A New Paradigm for Classification Based on Dissimilarity Information Via Regularized Kernel Estimation
Grace Wahba, PI
The objective of this research is to develop improved methods for classification and clustering when attribute vectors for the objects of interest are either not known or or are of a much higher dimension than is useful, but when dissimilarity information between pairs of objects is available. In the work being proposed, this dissimilarity information may be subjective, crude, noisy, incomplete, confined within a nonlinear manifold, come from multiple sources and/or be inconsistent. The approach is to build on some preliminary work by the PI and collaborators, who have initiated two new robust nonparametric methods for obtaining positive definite kernels (a.k.a "reproducing kernels") from noisy dissimilarity data under various circumstances. These kernels generate "pseudo-attribute" vectors which may be used for clustering, for outlier detection, or in a support vector machine with copiously labeled data, or with sparsely labeled data ("semi-supervised learning") for classification. Tasks are proposed to build a series of optimized classification systems under a variety of scientifically important scenarios regarding the nature of the data available, which combine robustly estimated kernels with support vector machines to effect classification based on dissimilarity information. It is proposed to develop theoretically valid and practically useful optimization procedures and efficient algorithms for these systems, test the results in carefully designed test beds where the answer is known, apply them to a variety of different classification tasks, compare the results with related systems, and publicize the results.

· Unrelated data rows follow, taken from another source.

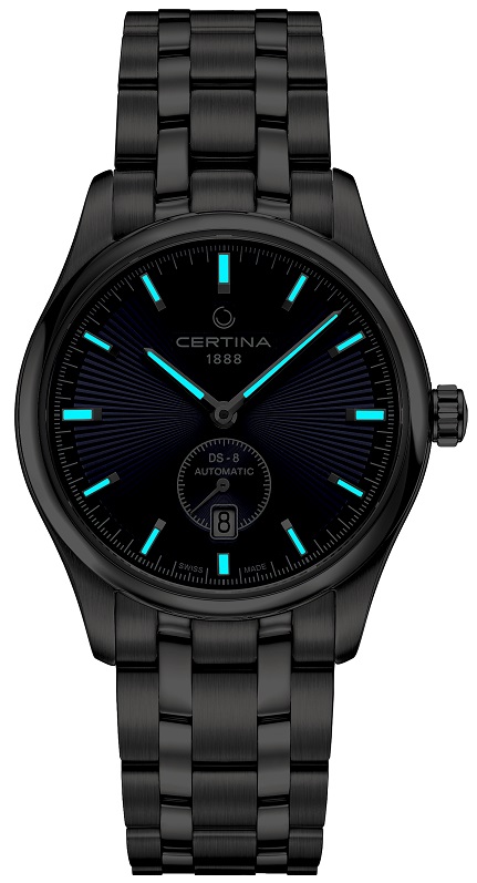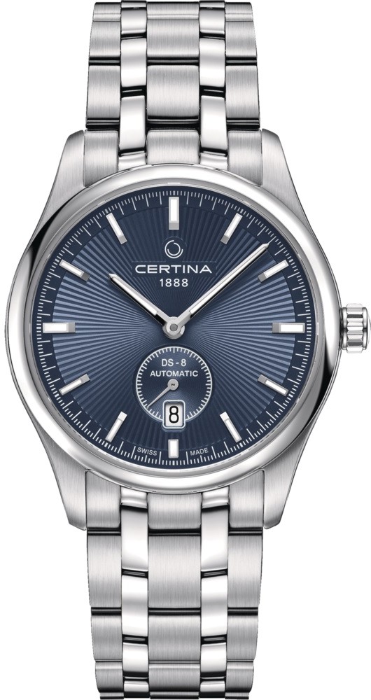 Kolekcja DS-8 to uniwersalna i niedroga oferta zegarków marki Certina. Oferuje modele w kilku stylach z kopertami ze stali nierdzewnej, powłoką PVD i tytanem, które nadają się do noszenia na co dzień i do noszenia w towarzystwie. W modelach serii DS-8 zastosowano precyzyjne szwajcarskie mechanizmy kwarcowe lub mechanizmy ETA Powermatic 80, które oferują rezerwę chodu na poziomie 80 godzin. Wszystkie mają 100 metrów wodoodporność i oczywiście szafirowe szkło.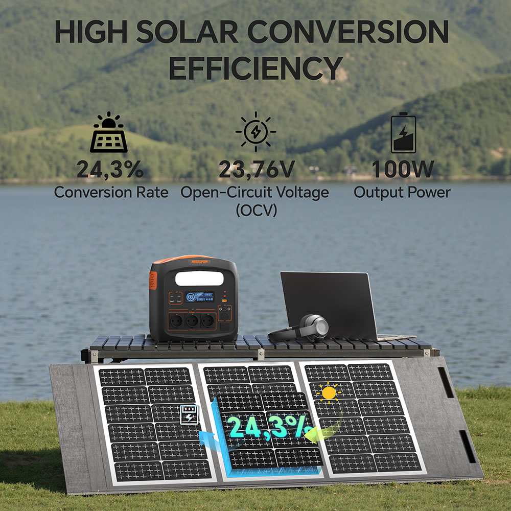 - A csupán 100 wattos maximális teljesítmény egy komolyabb, hűtőt vagy nagyobb teljesítményű világítást használó tábori setup áramellátásához egyértelműen karcsú lesz.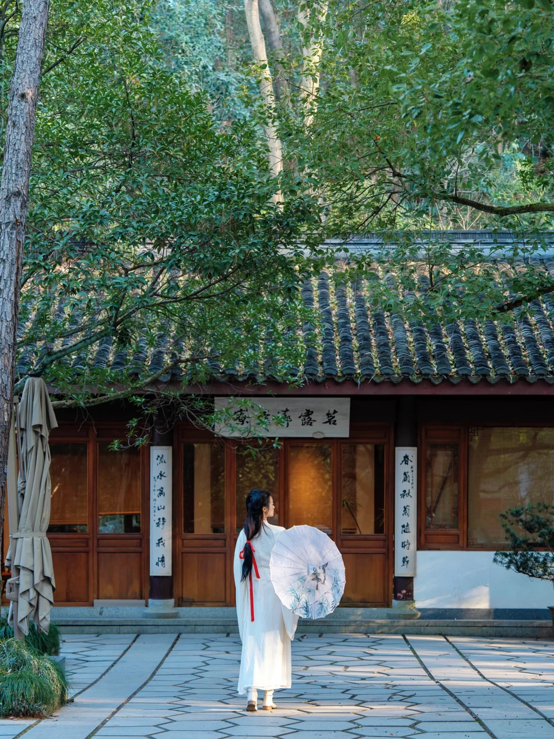 万松书院是过去梁山伯与祝英台读书谈恋爱的地方,冬天也是满满绿色,红墙黛瓦掩映在绿荫里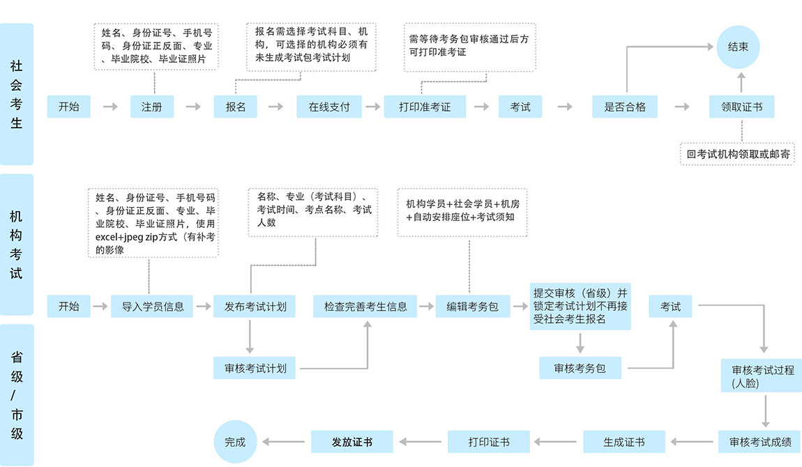 智慧考試系統(tǒng)主要是由考生端、考試端、機(jī)構(gòu)端、監(jiān)管端、管理端等組成,對線上考試進(jìn)行綜合管理的系統(tǒng)平臺。該平臺將考生培訓(xùn)、報(bào)名、繳費(fèi)、考試安排、考務(wù)管理等考試流程信息統(tǒng)一管理,并從各個(gè)維度幫助企業(yè)立體化分析考生考試等數(shù)據(jù),極大提升了考試流程的規(guī)范化、標(biāo)準(zhǔn)化、信息化,提升了考試效率,提升了考生的考試體驗(yàn)。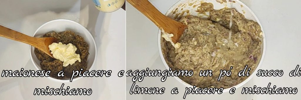 Adicionamos maionese a gosto e misturamos. Colocamos um pouco de suco de limão e misturamos tudo.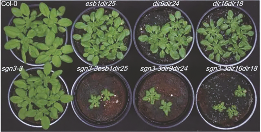 在该研究中,研究人员在拟南芥中鉴定到一组(6个)定位于根内皮层细胞凯氏带的引导蛋白。利用一系列分子遗传学、离子组学和细胞生物学的前沿技术,研究者发现这组蛋白是调控木质素在凯氏带处精准沉积的决定性因子,也是维持凯氏带与细胞质膜紧密连接的必需因子。这类引导蛋白如果突变会直接影响了凯氏带的形成以及凯氏带处的膜-壁紧密连接,进而严重扰乱了植物体内的矿质元素平衡和植物对盐旱逆境的适应性。随后,研究人员还通过分子生物学和生物化学技术,确认这些引导蛋白成员间可以形成异源三聚体,并直接催化木质素单体聚合,形成木质素。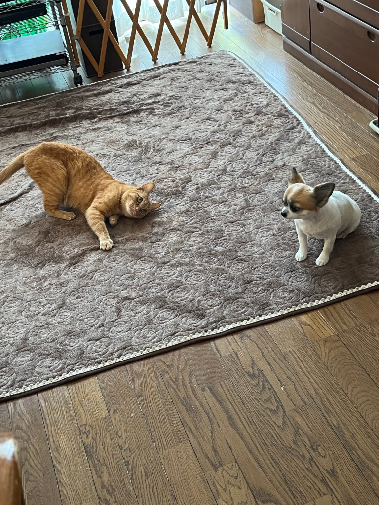 チコのかくれんぼも、見てくれてありがとう😺そうね、そう言えばチコの毛の色と似た家具が多いかも😸くにゃいちチコの活躍しやすいお家だったんだね、、😸

With the availability of extremely large amounts of data and high speed computing, modern classification tools are doing impressive things in speech recognition, text classification, image analysis, and classification of proteins and microarray data, among other things. However there is still much room for improvement in certain areas. This work will provide a unique and novel contribution to the theory and practice of classification when the data available may be subjective, crude, noisy, incomplete, satisfy complex constraints, come from multiple sources and may be inconsistent. It is anticipated that the proposed work will provide improved methods of statistical analysis that have the potential to seriously impact essentially any engineering or scientific endeavor that collects data to be classified.